=== Section Start ===

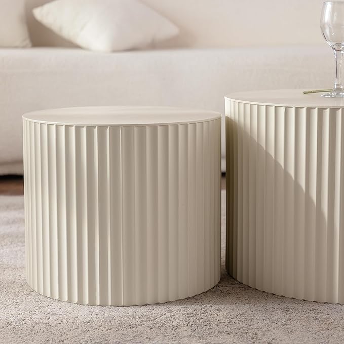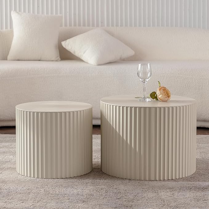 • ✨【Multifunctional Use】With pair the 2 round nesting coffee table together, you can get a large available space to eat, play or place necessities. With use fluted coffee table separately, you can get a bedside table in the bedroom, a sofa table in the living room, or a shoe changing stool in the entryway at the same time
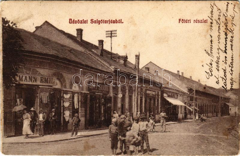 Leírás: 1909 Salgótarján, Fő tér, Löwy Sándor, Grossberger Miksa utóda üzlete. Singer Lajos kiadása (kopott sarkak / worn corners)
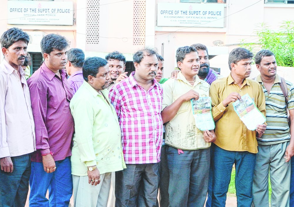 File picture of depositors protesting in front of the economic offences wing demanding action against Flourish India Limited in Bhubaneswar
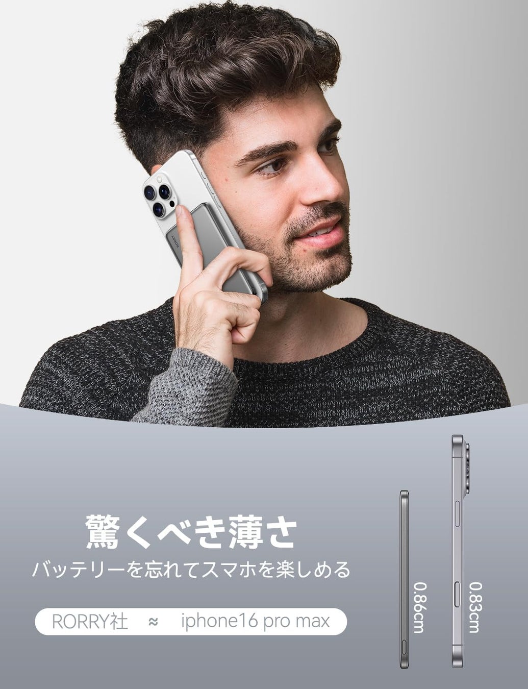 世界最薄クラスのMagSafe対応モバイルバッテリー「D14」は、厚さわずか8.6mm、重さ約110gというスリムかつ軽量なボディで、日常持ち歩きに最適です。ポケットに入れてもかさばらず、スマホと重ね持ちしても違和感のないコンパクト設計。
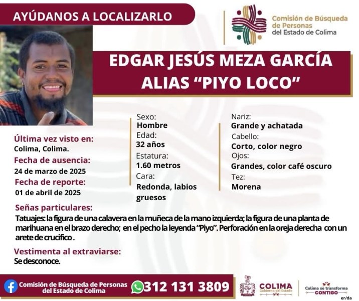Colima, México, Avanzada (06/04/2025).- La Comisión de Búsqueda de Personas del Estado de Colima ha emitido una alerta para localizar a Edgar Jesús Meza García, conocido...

=== Section End ===

§ **Work to complete**: The copy should start at the line that contains "File picture of", end at the last line of the entries above, and match each line exactly, with pictures dropped.

§ **Written solution**:
 File picture of depositors protesting in front of the economic offences wing demanding action against Flourish India Limited in Bhubaneswar
 世界最薄クラスのMagSafe対応モバイルバッテリー「D14」は、厚さわずか8.6mm、重さ約110gというスリムかつ軽量なボディで、日常持ち歩きに最適です。ポケットに入れてもかさばらず、スマホと重ね持ちしても違和感のないコンパクト設計。
Colima, México, Avanzada (06/04/2025).- La Comisión de Búsqueda de Personas del Estado de Colima ha emitido una alerta para localizar a Edgar Jesús Meza García, conocido...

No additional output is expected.